Dataset extract:
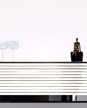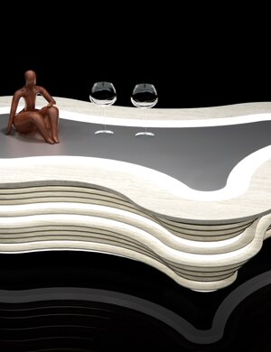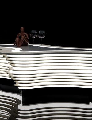 La Pietra Code viene qui interpretata sfruttando le caratteristiche fisiche delle sottili lastre in Dekton® che consentono leggerezza e gentilezza formale. L’idea è quella di creare un complemento funzionale ad alto richiamo visivo per le aree conviviali degli hotel di lusso. L’elemento differenziante sta nell’inserimento di un’illuminazione a LED alimentata
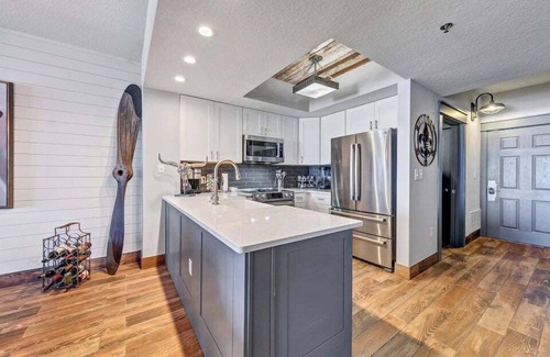 The completely remodeled kitchen is fully equipped with brand-new stainless-steel appliances, updated quartz countertops, farmhouse style sink and same designer style as the living and dining area. In addition, the kitchen has been fully equipped with all utensils, plates, and cookware for optimum convenience.
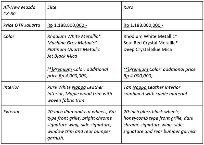 Setelah dijelaskan panjang lebar maka barulah ditebar banderol All-New Mazda CX-60 yakni sekitar Rp 1,2 miliar atau pastinya Rp 1.188.800.000 on the road Jakarta, baik untuk Kuro dan Elite.
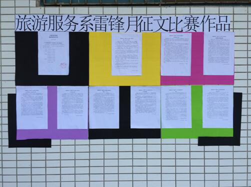 为大力弘扬社会主义核心价值体系,弘扬雷锋精神,提升学生素质,旅游服务系于2017年3月举办了“学雷锋”征文比赛。此次活动面向旅游服务系全体同学,各班同学都非常积极参加。
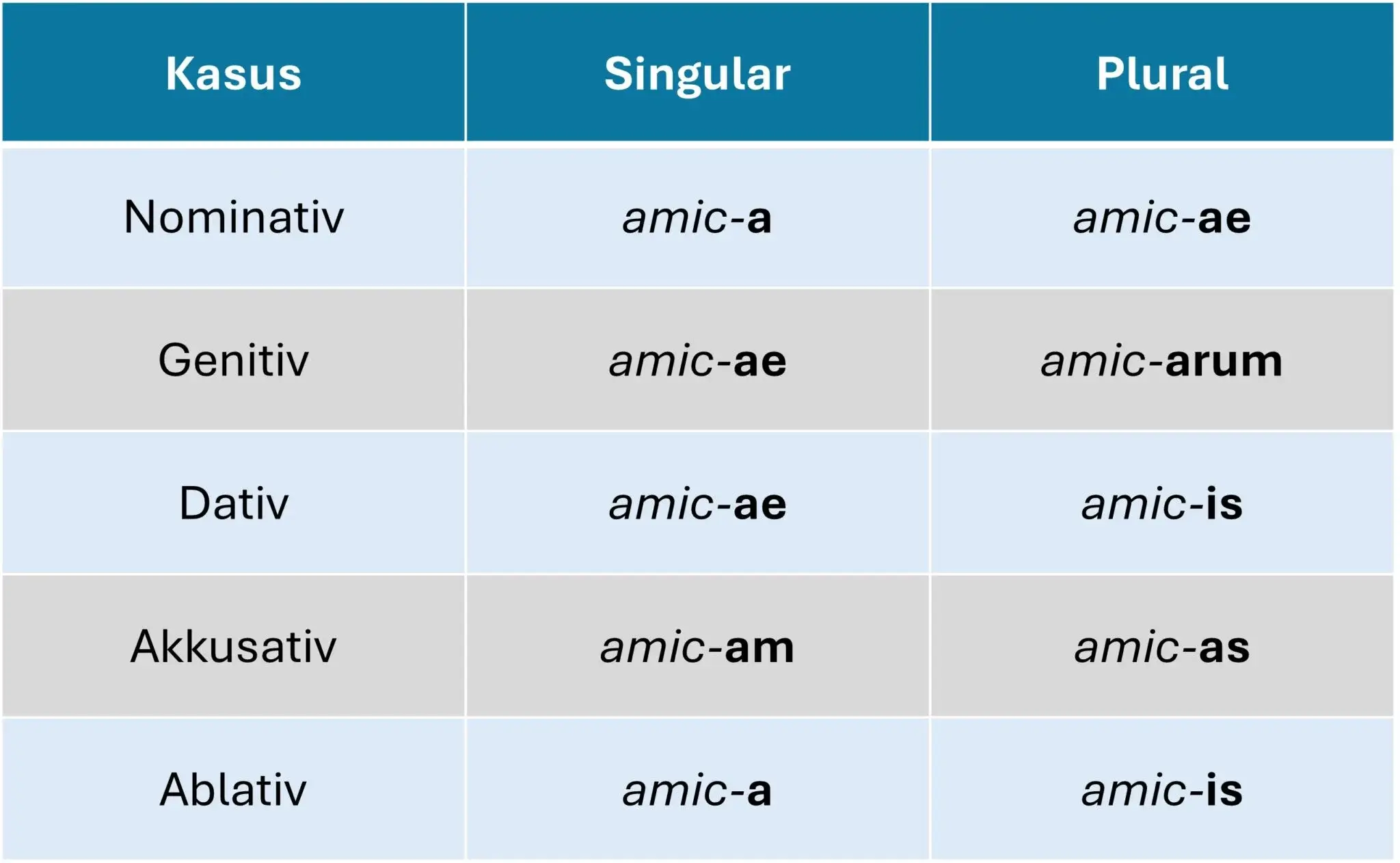 In dieser Tabelle siehst du die Endungen für alle Kasus (“amica” – die Freundin):
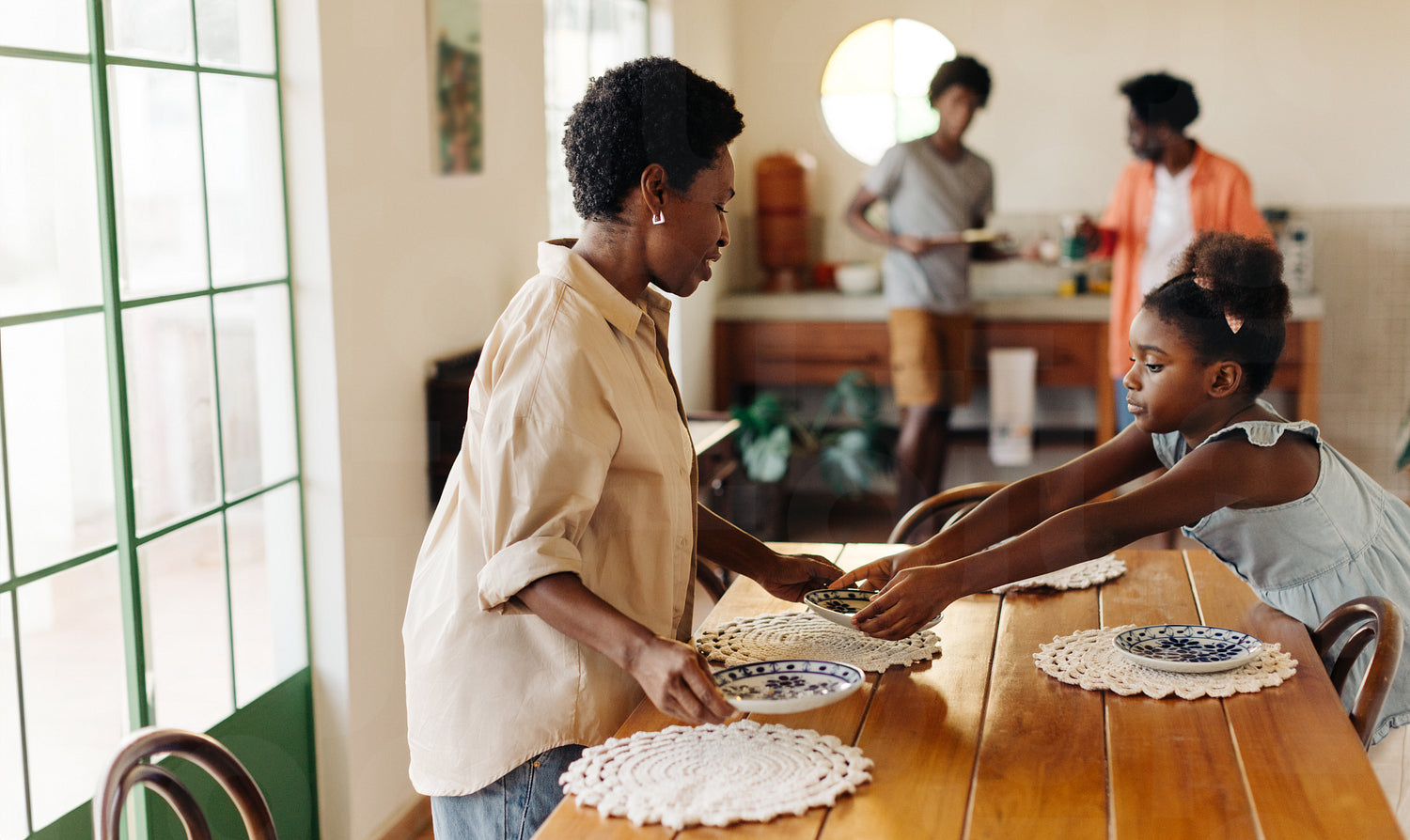 Daughter lovingly assists her mother in setting the table for a family breakfast. Black Brazilian family enjoying a moment of family togetherness as they come together for breakfast at home.
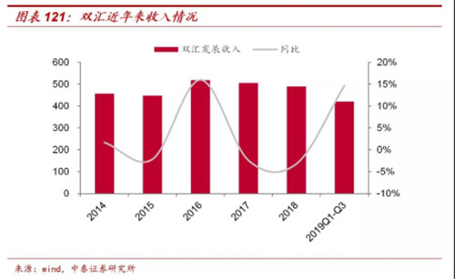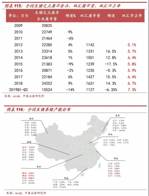 千亿屠宰行业低集中度,双汇市占率稳步提升。1)屠宰行业规模:全国定点生猪屠宰企业屠宰量2018年为2.4亿头,增速9%、2019.1-9月是1.5亿头,增速-14%。其中双汇2018年屠宰生猪1631万头,增速14.3%、2019.1-9月为1127万头,增速-6.35%。2)市占率:双汇屠宰集中度提升大势所趋。双汇2012年屠宰在全国生猪定点屠宰统计占比5.1%,2019Q3提升至7.3%。全国布局,通过跨省资源配置、规范屠宰检疫等,快速提升市占率。长期看双汇规范化、集约化龙头优势凸显,预计屠宰市占率持续提升。
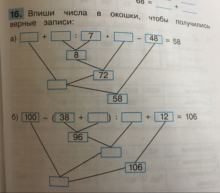б) 100-(38+58):16+12=106 (в "окошко" посередине надо вставить 6, внизу - 94).
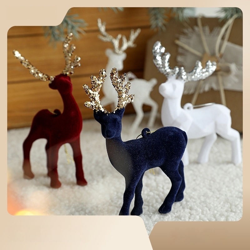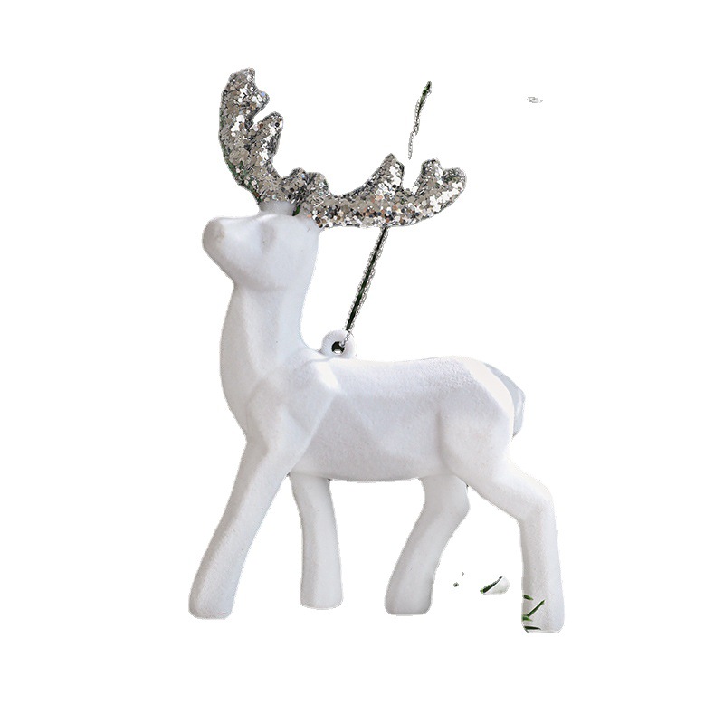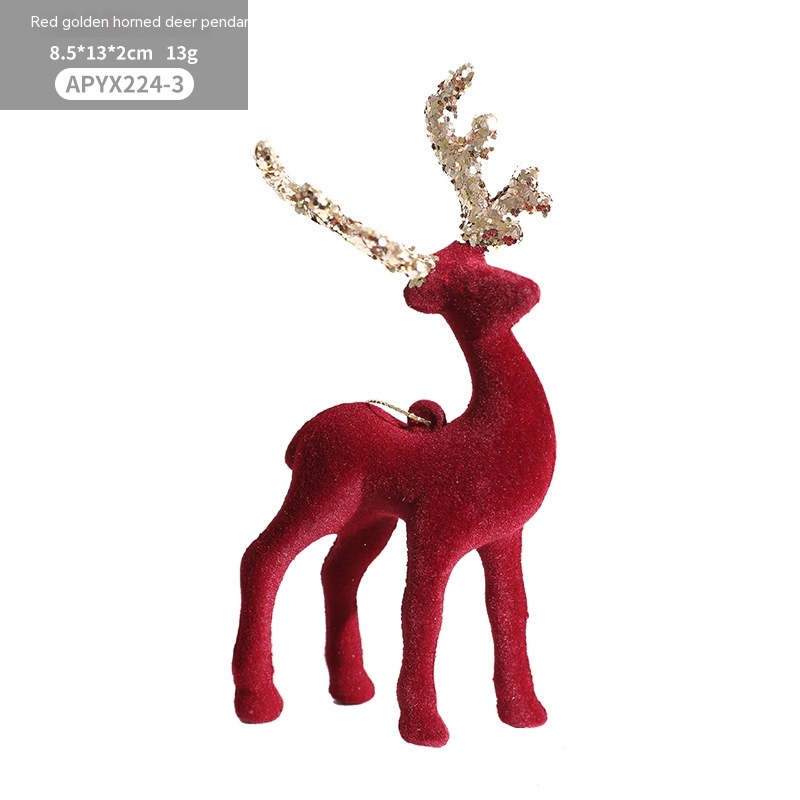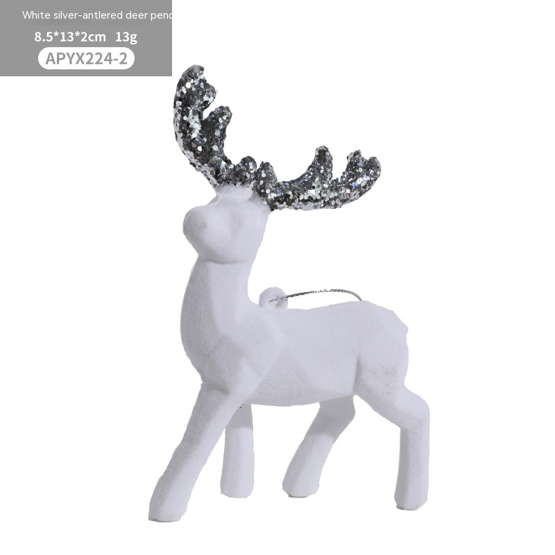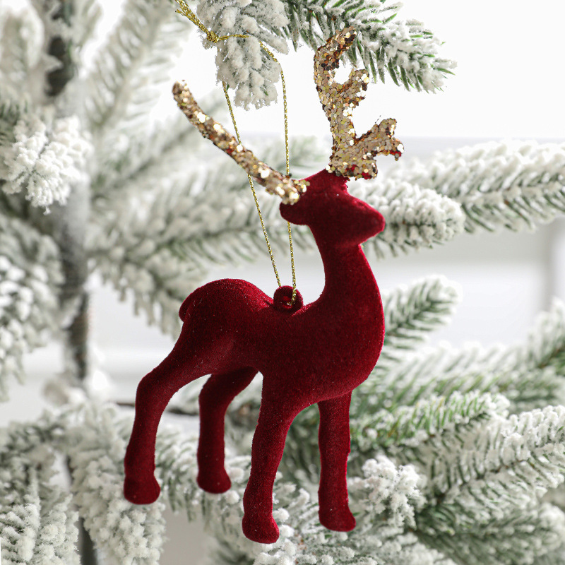 Christmas Red Flocking Elk Pendant White Glitter Cake Ornaments Decorations

The task: Repeat exactly the lines above, beginning at the one containing "Setelah dijelaskan panjang" and ending at the one containing "In dieser Tabelle". Do not carry over any pictures.

Problem solution:
 Setelah dijelaskan panjang lebar maka barulah ditebar banderol All-New Mazda CX-60 yakni sekitar Rp 1,2 miliar atau pastinya Rp 1.188.800.000 on the road Jakarta, baik untuk Kuro dan Elite.
 为大力弘扬社会主义核心价值体系,弘扬雷锋精神,提升学生素质,旅游服务系于2017年3月举办了“学雷锋”征文比赛。此次活动面向旅游服务系全体同学,各班同学都非常积极参加。
 In dieser Tabelle siehst du die Endungen für alle Kasus (“amica” – die Freundin):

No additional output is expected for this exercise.